## DATASET EXTRACT
[Start of Attachment]

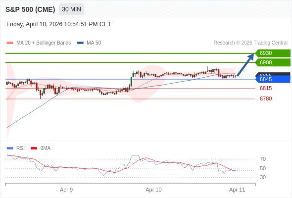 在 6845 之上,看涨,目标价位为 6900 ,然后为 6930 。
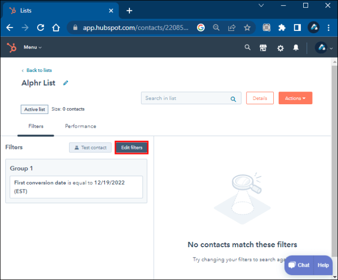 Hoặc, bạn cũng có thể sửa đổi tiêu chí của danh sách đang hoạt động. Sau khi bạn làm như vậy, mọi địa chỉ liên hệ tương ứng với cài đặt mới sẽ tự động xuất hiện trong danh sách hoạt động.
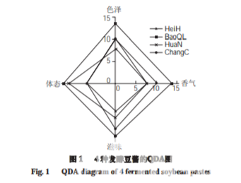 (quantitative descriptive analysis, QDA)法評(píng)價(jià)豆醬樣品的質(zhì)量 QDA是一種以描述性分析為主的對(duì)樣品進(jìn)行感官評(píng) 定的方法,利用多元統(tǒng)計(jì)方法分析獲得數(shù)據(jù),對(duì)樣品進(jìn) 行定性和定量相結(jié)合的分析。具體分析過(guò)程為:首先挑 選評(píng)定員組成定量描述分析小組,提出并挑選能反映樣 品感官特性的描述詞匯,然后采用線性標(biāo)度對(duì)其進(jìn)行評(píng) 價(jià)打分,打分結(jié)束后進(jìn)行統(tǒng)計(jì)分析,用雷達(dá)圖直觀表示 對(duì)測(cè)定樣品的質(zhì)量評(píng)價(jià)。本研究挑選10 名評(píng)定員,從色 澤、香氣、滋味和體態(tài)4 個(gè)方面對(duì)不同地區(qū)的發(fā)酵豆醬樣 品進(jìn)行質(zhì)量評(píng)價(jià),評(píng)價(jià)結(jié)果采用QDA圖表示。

[End of Attachment]

Exclude all images and return the listing word for word.

## COMPLETED TASK
 在 6845 之上,看涨,目标价位为 6900 ,然后为 6930 。
 Hoặc, bạn cũng có thể sửa đổi tiêu chí của danh sách đang hoạt động. Sau khi bạn làm như vậy, mọi địa chỉ liên hệ tương ứng với cài đặt mới sẽ tự động xuất hiện trong danh sách hoạt động.
 (quantitative descriptive analysis, QDA)法評(píng)價(jià)豆醬樣品的質(zhì)量 QDA是一種以描述性分析為主的對(duì)樣品進(jìn)行感官評(píng) 定的方法,利用多元統(tǒng)計(jì)方法分析獲得數(shù)據(jù),對(duì)樣品進(jìn) 行定性和定量相結(jié)合的分析。具體分析過(guò)程為:首先挑 選評(píng)定員組成定量描述分析小組,提出并挑選能反映樣 品感官特性的描述詞匯,然后采用線性標(biāo)度對(duì)其進(jìn)行評(píng) 價(jià)打分,打分結(jié)束后進(jìn)行統(tǒng)計(jì)分析,用雷達(dá)圖直觀表示 對(duì)測(cè)定樣品的質(zhì)量評(píng)價(jià)。本研究挑選10 名評(píng)定員,從色 澤、香氣、滋味和體態(tài)4 個(gè)方面對(duì)不同地區(qū)的發(fā)酵豆醬樣 品進(jìn)行質(zhì)量評(píng)價(jià),評(píng)價(jià)結(jié)果采用QDA圖表示。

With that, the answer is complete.